### WORK REQUEST
Given the material below, return only the lines starting at the line with "Per le didascalie, le" and ending at the line with "為做好這次防恐預(yù)案演", exactly as they appear.

### MATERIAL FOR THIS TASK
-------

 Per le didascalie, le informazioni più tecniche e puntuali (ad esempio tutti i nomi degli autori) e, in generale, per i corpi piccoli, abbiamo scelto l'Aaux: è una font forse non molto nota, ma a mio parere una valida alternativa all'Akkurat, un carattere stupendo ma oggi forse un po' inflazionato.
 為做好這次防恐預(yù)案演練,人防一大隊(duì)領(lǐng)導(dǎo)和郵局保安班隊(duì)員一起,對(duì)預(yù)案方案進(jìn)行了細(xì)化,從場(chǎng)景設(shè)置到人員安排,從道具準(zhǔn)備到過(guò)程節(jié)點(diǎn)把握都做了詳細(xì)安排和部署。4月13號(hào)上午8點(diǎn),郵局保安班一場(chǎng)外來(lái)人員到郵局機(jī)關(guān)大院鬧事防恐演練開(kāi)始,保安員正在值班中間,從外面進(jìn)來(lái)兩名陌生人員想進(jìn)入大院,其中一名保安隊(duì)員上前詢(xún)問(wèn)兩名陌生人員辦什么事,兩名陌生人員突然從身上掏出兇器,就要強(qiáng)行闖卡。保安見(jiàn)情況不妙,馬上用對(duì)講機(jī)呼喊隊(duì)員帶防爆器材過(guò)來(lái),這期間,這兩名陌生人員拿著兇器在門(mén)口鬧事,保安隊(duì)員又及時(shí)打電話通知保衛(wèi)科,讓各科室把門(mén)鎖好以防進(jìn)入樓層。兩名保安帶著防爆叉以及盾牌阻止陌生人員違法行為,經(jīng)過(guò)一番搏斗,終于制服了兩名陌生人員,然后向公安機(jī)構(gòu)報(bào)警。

-------

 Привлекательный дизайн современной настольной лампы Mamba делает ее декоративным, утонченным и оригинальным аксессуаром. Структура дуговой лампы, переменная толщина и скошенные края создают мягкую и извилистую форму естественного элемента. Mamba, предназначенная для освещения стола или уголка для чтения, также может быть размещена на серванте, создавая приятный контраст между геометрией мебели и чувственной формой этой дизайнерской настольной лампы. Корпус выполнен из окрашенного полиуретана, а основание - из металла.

-------

### TASK ANSWER
 Per le didascalie, le informazioni più tecniche e puntuali (ad esempio tutti i nomi degli autori) e, in generale, per i corpi piccoli, abbiamo scelto l'Aaux: è una font forse non molto nota, ma a mio parere una valida alternativa all'Akkurat, un carattere stupendo ma oggi forse un po' inflazionato.
 為做好這次防恐預(yù)案演練,人防一大隊(duì)領(lǐng)導(dǎo)和郵局保安班隊(duì)員一起,對(duì)預(yù)案方案進(jìn)行了細(xì)化,從場(chǎng)景設(shè)置到人員安排,從道具準(zhǔn)備到過(guò)程節(jié)點(diǎn)把握都做了詳細(xì)安排和部署。4月13號(hào)上午8點(diǎn),郵局保安班一場(chǎng)外來(lái)人員到郵局機(jī)關(guān)大院鬧事防恐演練開(kāi)始,保安員正在值班中間,從外面進(jìn)來(lái)兩名陌生人員想進(jìn)入大院,其中一名保安隊(duì)員上前詢(xún)問(wèn)兩名陌生人員辦什么事,兩名陌生人員突然從身上掏出兇器,就要強(qiáng)行闖卡。保安見(jiàn)情況不妙,馬上用對(duì)講機(jī)呼喊隊(duì)員帶防爆器材過(guò)來(lái),這期間,這兩名陌生人員拿著兇器在門(mén)口鬧事,保安隊(duì)員又及時(shí)打電話通知保衛(wèi)科,讓各科室把門(mén)鎖好以防進(jìn)入樓層。兩名保安帶著防爆叉以及盾牌阻止陌生人員違法行為,經(jīng)過(guò)一番搏斗,終于制服了兩名陌生人員,然后向公安機(jī)構(gòu)報(bào)警。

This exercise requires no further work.